В отличие от Ивана Федоровича Головкина, который, может быть, вообще-то о Пушкине впервые услышал лишь в тот момент, когда пути их так неудачно пересеклись, герой этого рассказа — человек мало-мальски грамотный. Он, судя по всему, даже в школе учился. Он располагает бездной сведений о Пушкине. Знает, например, что за строчку стихов Пушкину платили по червонцу. Слышал что-то такое о причастности Пушкина к придворной жизни и о его взаимоотношениях с царем.

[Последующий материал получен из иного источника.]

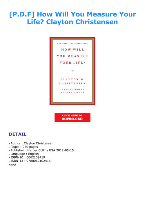 Jual Buku How Will You Measure Your Life Di Lapak Mister Big Mr Conz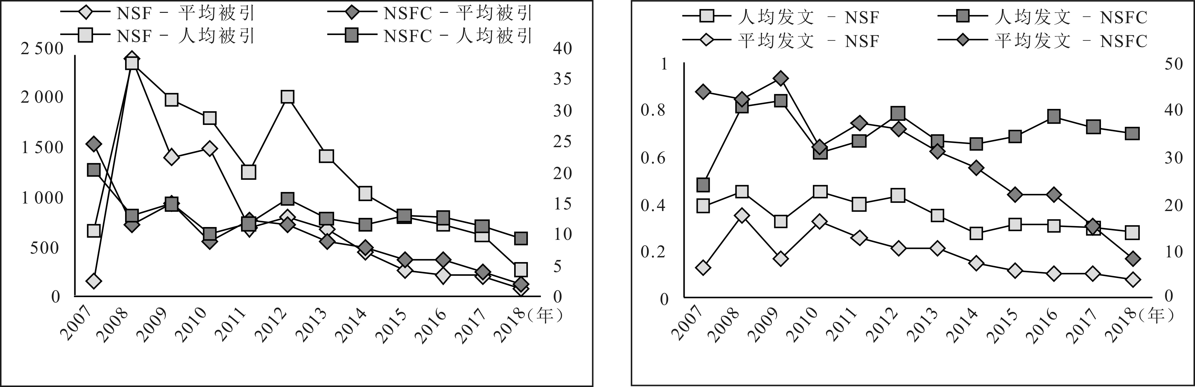 图5 平均被引、人均被引随动态社团诞生时间变化趋势

Помнит, что царем в то время был не кто-нибудь, а Николай. И не просто Николай, а Николай Палкин, которого наш оратор отнюдь не путает с Николаем Кровавым.

И в то же время те конкретные ассоциации, которые возникают у него по поводу поэзии Пушкина, в сущности неотличимы от тех, которыми поразил нас Иван Федорович Головкин.

Суть дела состоит в том, что докладчик, так же как и Иван Федорович Головкин, в глубине души убежден, что поэт — это человек, взгляд которого прикован к какой-то ерунде: то ли к птичкам, то ли к веткам, то ли к птичкам, прыгающим на ветках. Во всяком случае, к чему-то такому, на что человек, обремененный серьезными жизненными заботами, внимания обращать не станет.

Таким образом, и Иван Федорович Головкин, и докладчик, произносящий речь о Пушкине — каждый в меру своих сил, — участвуют в какой-то не слишком им самим понятной игре.

(Той самой, в которую играл, а вернее, которой подыгрывал крестьянский самородок Иван Филиппович Овчинников, уверявший, что он «с издетства» тонко понимал и птичку, и тучку, и бычка.)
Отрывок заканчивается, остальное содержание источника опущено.